Traditional European cooking
Japanese cuisine is not alone in promoting frugality; European culinary traditions also have a whole array of solutions for ‘zero waste’. In Tuscany, dry bread never goes to waste: sliced, grilled and drizzled with extra-virgin olive oil, it becomes a delicious bruschetta (or fettunta); in winter, it is added to vegetable soup to make nourishing ribollita and, in summer, it is popular in panzanella, a sort of rustic salad made of tomatoes, cucumbers, red onions and basil. When it comes to meat, it is an Italian tradition to make the best use of poor quality cuts, such as cow’s stomach. Cooked in a broth, served in a bread roll and seasoned with a green sauce made from parsley, it becomes lampredotto, a Florentine street food staple.
In southern Switzerland, stale bread is turned into torta di pane ticinese, a delicious cake that is a speciality of Ticino. With the addition of candied orange and lemon peel for flavour, pine kernels for texture and cocoa powder or grated chocolate for extra richness, nobody would ever guess the main ingredient! In Eastern Europe, it is traditional to use dried onion skins as a natural dye to decorate Easter eggs. As for fruit, most people know that cherry stones enhance the flavour of jam, but the stalks should not be thrown away either. Infusing them in hot water makes a highly appreciated diuretic herbal tea.

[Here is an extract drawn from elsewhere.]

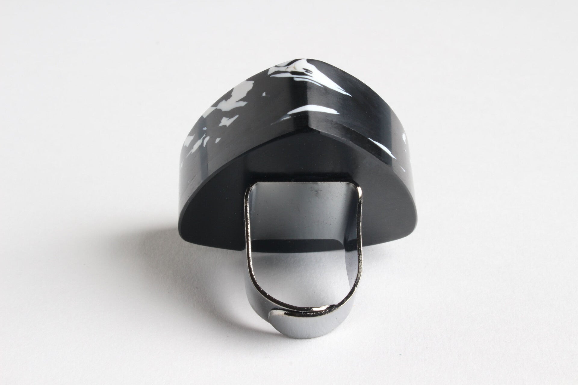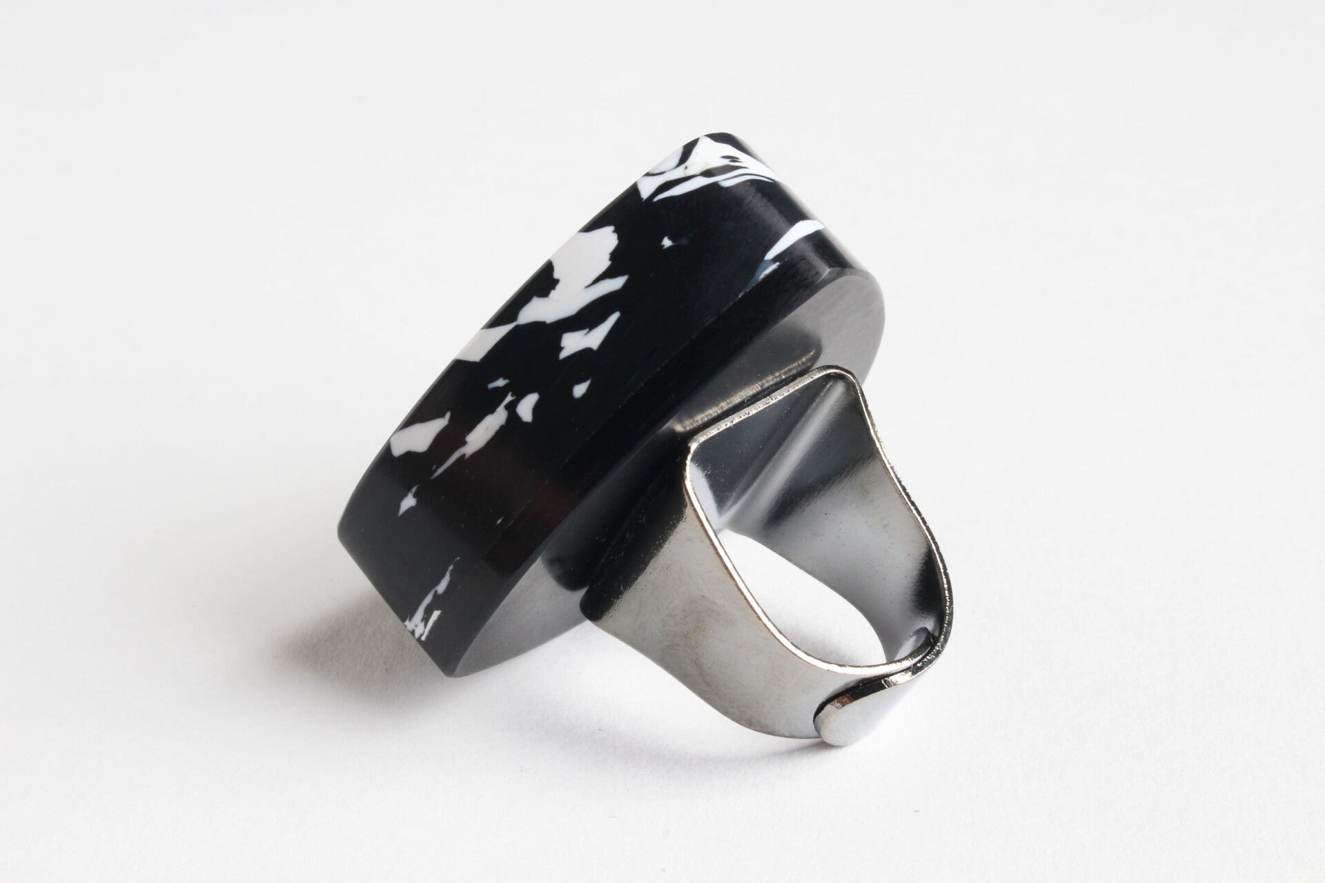 Verstelbare gunmetal ring van gerecycled acrylaat.

The list of examples goes on and on…
Cutting down on waste by giving a second life to things we usually throw away is good for the planet and for your bank balance. All it requires is a little bit of creativity! Several books on the subject (see bibliography) provide a variety of ingenious and tasty tips on how to make the best of all sorts of leftovers, tops, trimmings and peelings. Enjoy your meal!